29 November 2010 Categories: Gerry's Corner

         There are many good employers around us, unfortunately the better employers are very large employers i.e. Conglomerates, Internationals. These companies have deep pockets and have a lot invested in their employees. The reality is the majority of employees work for much smaller organizations therefore sometimes they are neglected or ignored. Here is a hypothetical story that is way too common.

      An employee has been with a company for 10 years. During that time they have grown with the company by learning its’ operations and culture. In doing so they got to know the managers and owners along with their likes and dislikes. Along with growing with the company they become more proficient with their duties hence more duties are added on. In other words, the initial written job description is a page long after 10 years it is 4 pages long. Yes, they did get minor salary increases over the years but the truth is if the job was properly evaluated, the job now is probably underpaid. The employee gets discouraged not getting paid what they are worth therefore decides to resign hopefully with another job in hand. The phenomenon that takes place now is one of the following. The employer puts someone else in the job and finds the new employee cannot do the job as efficiently so adds another employee to help. Or the employer goes outside the organization and hires someone new but finds they have to pay a lot more money for them. Sometimes when a resignation is received, the employer decides to make a counter offer or negotiate a new salary ( give a salary increase ) with the employee resigning. In my personal opinion, this is admittance on the part of the employer of not taking care of the employee in the first place. Sometimes the employer will try to lure the x-employee back with the promise of more money. The employer makes a big mistake by assuming the employee will never leave because of their long tenure, bonus plans, kids in school, work location, etc. The employer tries to save a few dollars in the short term but lands up paying big dollars in the long term.

         My advice to employers is don’t ever neglect your employees for the sake of a few dollars, it will always cost you more later plus you will never gain the employee’s total trust again because you have admitted to taking advantage of them and they will expect you to do the same in the future.
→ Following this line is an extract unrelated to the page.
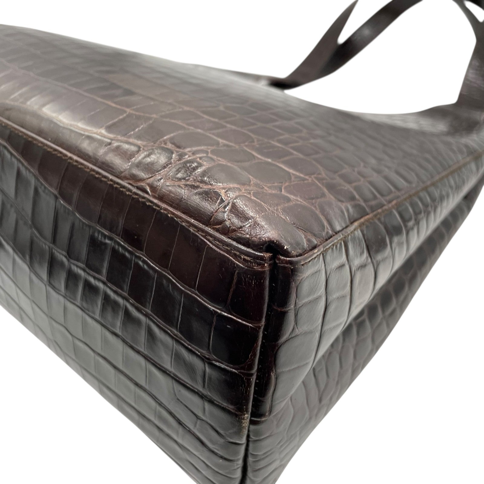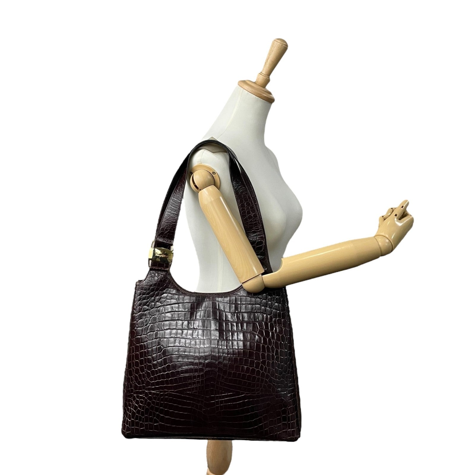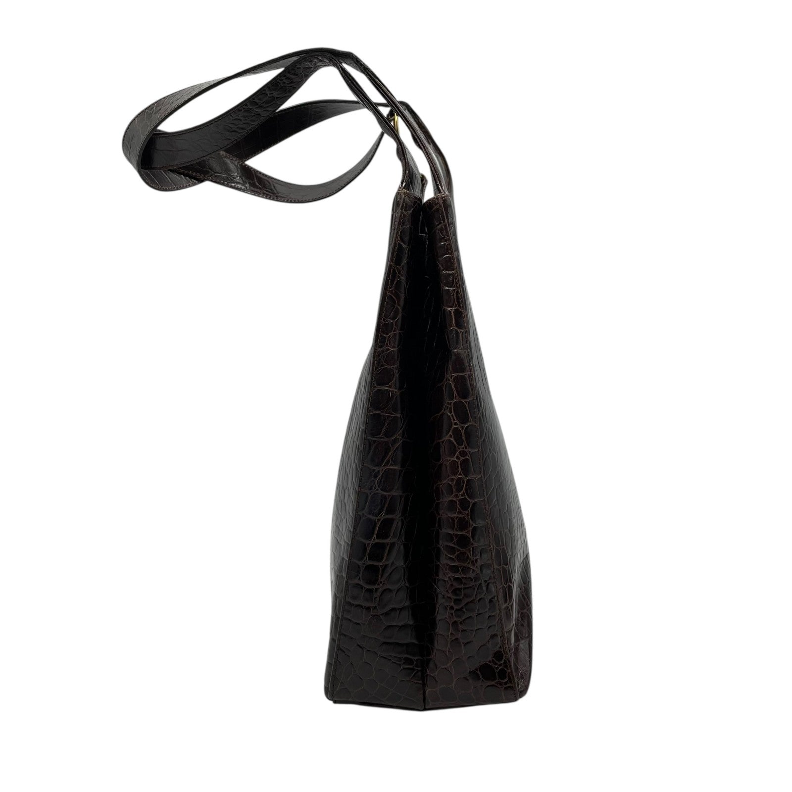 美品 Salvatore Ferragamo サルヴァトーレフェラガモ トートバッグ ハンドバッグ ヴァラ クロコ型押し 茶 ブラウン ゴールド金具 ワンショルダー 肩掛け可 ヴィンテージ レディース B
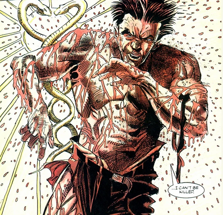 Xombi, also known as David Kim, is a superhero in the Dakotaverse published by Milestone Media. His career began as a scientist, where he developed experimental nanomachines that could cure any damage to the human body. Kim was injured and his lab assistant injected him with the nanovirus to save him, which granted him permanent immortality and indestructability. He also has limited control over the nanites that allows him to break down simple elements and re-construct them into new forms. Xombi was created by John Rozum and Denys Cowan, first appearing in Xombi #0. (1994)

My advice to employees is never return to your former employer because history will repeat itself. Even if you get a big raise after resigning and decide to stay, you should now start looking for another job because now you know what you are actually worth.

      I have seen this scenario too many times and there are no winners. The employer loses on their investment in people and even if this is one employee the other employees see what you have done. This is real bad for employer/employee relations. As an employee you will gain in the short term but you will be haunted wondering if you are maybe worth more and if the employer will take advantage of you again. As my final note, this little story repeats itself over time and is not sensitive to good or bad Economic times.